Nicole slid a glance at the slave. Julia was wearing one of her blander expressions. Was she figuring things out? Had she kept quiet deliberately, to see what would happen?

Of course not. Nicole thought. How could she know Umma wasn’t Umma anymore? Nicole had been scrambling as fast as she could, as hard as she could, to keep up with things. She’d been doing well, she’d thought. Till now.

She had to say something. Julia was starting to shuffle her feet. She put on a kind of frantic nonchalance, straightening up, dusting her hands, making a show of inspecting the row of nicely browned loaves. “Well,” she said, “that’s done. As for Pnmigenia… I must have had too much on my mind. I swear I didn’t even see her. I’ll make it up to her next time, that’s all.”

That was only about half true. Nicole had seen Primigenia. The woman was a little hard to miss: she had the beginning of a harelip. A surgeon in the twentieth century would have repaired it while she was a baby. Here, she had to live with it. Nicole remembered thinking, What a shame. She’s not bad-looking otherwise.

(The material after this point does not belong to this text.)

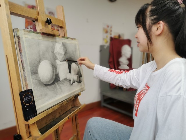 3、考生在试题公布当日按我校命题在指定试卷上完成绘画作品,并同步影像记录绘画过程。影像记录拍摄时,应从考生斜后方(如图)拍摄,保证考生与作品同时出现在视频画面中,考生面部侧面和作品完整清晰。同时视频画面中须全程出现可正常使用、时间显示清晰的钟表或计时设备。在规定的绘画时间内结束考试后,考生须手持作品转身面对镜头,此时拍摄考生正面(腰部以上)并保证考生五官与作品清晰。影像记录以光盘(或U盘)作为载体与考卷在规定时间内一起寄回。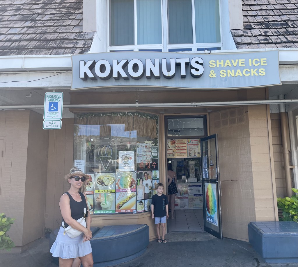 This cutie pie (growing up way too fast) is standing next to a picture of the very famous man who frequents Kokonuts every time he’s on Oahu. His initials are BO. Don’t ask me how these shaved ice thingies taste. I’d had a knockoff at Sea Life the day before and was not impressed.

At the moment, she hoped Julia hadn’t seen her looking. Or had taken her stare for abstraction, figuring the accounts, maybe, or making a mental shopping list for tomorrow’s trip to the market.

Julia didn’t appear to have seen, or else had decided to play the game by Nicole’s rules. In a way. “I hope she doesn’t take it too hard, “ she said. “Your brother’s angry at you as it is. You don’t want to get your whole family up in arms.”

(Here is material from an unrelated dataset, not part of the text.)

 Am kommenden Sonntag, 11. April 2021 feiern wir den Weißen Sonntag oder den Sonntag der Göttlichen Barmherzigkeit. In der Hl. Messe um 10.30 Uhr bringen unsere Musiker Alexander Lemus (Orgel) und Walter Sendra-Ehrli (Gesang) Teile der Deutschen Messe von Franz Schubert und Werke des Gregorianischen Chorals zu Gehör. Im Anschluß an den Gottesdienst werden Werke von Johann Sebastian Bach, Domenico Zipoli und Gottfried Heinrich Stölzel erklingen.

“That’s the last thing I want.” Nicole paused. That was it; she’d had it. She had to say it, and never mind what Julia thought. “No, the next to last thing. The last thing I want is for people to think they can tell me what to do.”

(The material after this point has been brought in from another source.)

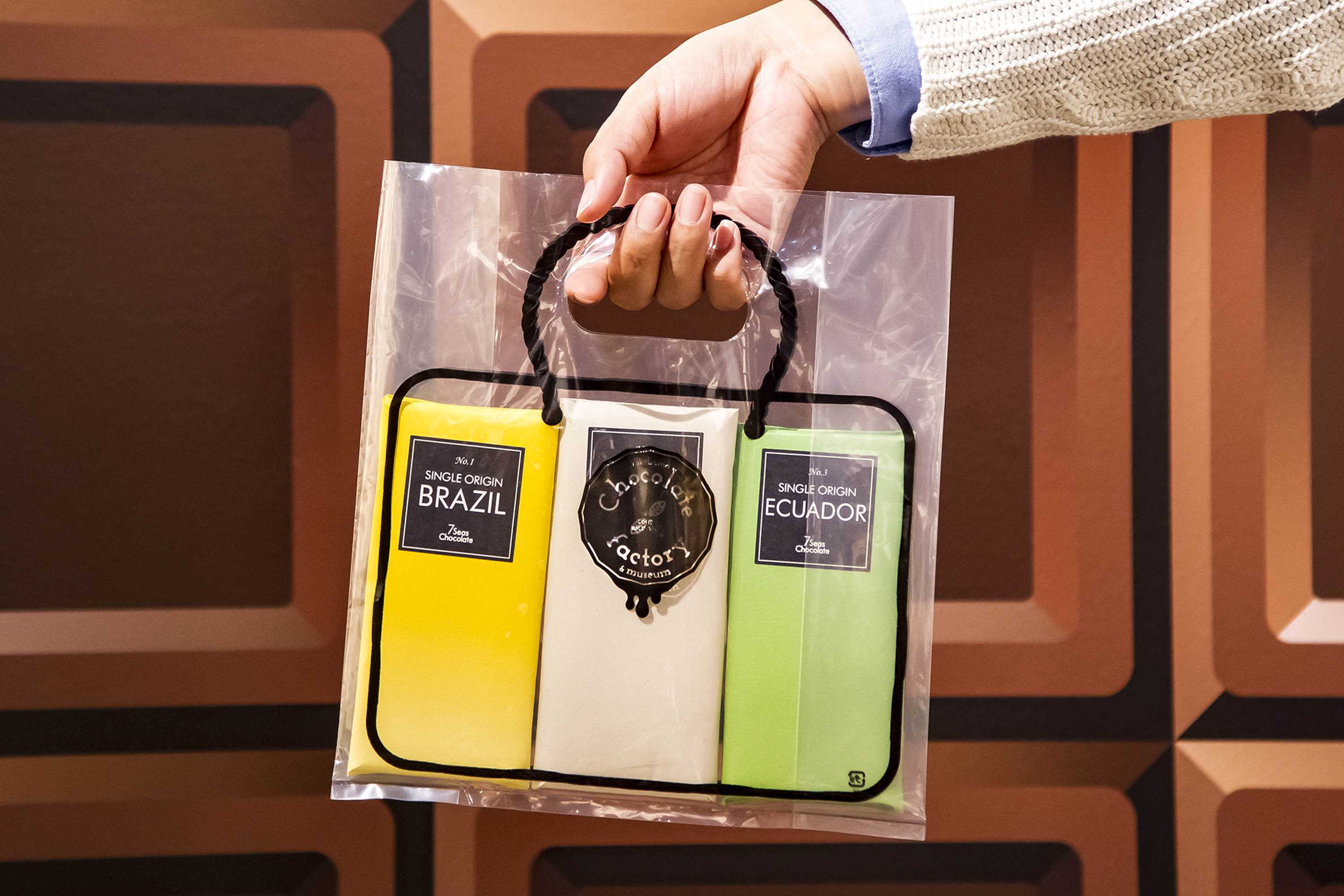 ショップにはファクトリーで作られたオリジナル商品がずらり。7Seas Chocolateは世界の海に隣接する国々の食材を織り込んだ板チョコ。カナダのメイプル、ブラジルのコーヒー、イタリアのトマトなど、個性的な板チョコが19種類もあり、パッケージの美しさも目を引きます。

Julia sighed. People had been telling her what to do since she was born. That thought, and the thought of a family row on the horizon, crystallized the timing of the decision Nicole had already made. “Come on, Julia. We’re going over to the town-council building and do what we have to do to set you free.”

“Right now?” Julia said. Nicole nodded. Julia still looked as if she didn’t believe it. “You’re going to close the place down and everything?”

“That’s right,” Nicole said with the crispness of a decision well and firmly made. It felt wonderful. “Fabia Ursa can keep an eye on the children while we’re gone.” Fabia Ursa was by now a fixture of Nicole’s morning routine. Nicole had learned in the course of her chatter that she and her husband owned the house-shop combination next door to Nicole’s, the one she’d seen across the alley the first morning she’d awakened in Carnuntum. They were brassworkers and tinkers: they made and repaired pots and pans. Or rather, the husband did; Fabia Ursa had the skill and the craft, she said, but with this baby coming after she’d lost two, she was taking things slower than usual. Hence her mornings in Umma’s tavern.

She’d just left a while before, in fact, saying that she needed to see to something in the shop. If Nicole strained, she could hear that clear, somewhat strident voice chattering to a customer as it chattered in her own ear every morning.

Lucius and Aurelia didn’t raise a ruckus about having Fabia Ursa watch them; they had someplace less familiar in which to get into mischief. Nicole overheard Aurelia reminding Lucius, quite seriously, “We do have to be a little bit careful. Fabia Ursa will wallop us if we’re naughty. “

Nicole stiffened — a reaction she had much too often in this world and time. What was she supposed to make of that? Should she tell Fabia Ursa not to hit them even if they misbehaved? Fabia Ursa was a gentle soul, as people went in Carnuntum, but she was completely unsentimental — and Nicole had heard her, more than once, approve of a woman who spanked her children. If Nicole tried to force her to lay off the kids, she’d smile, pat Nicole’s arm, and say kindly, “Oh, very well, dear, if you insist — but since I can’t possibly keep from hitting a child who’s being a brat, I can’t possibly look after your children for you, now, can I?”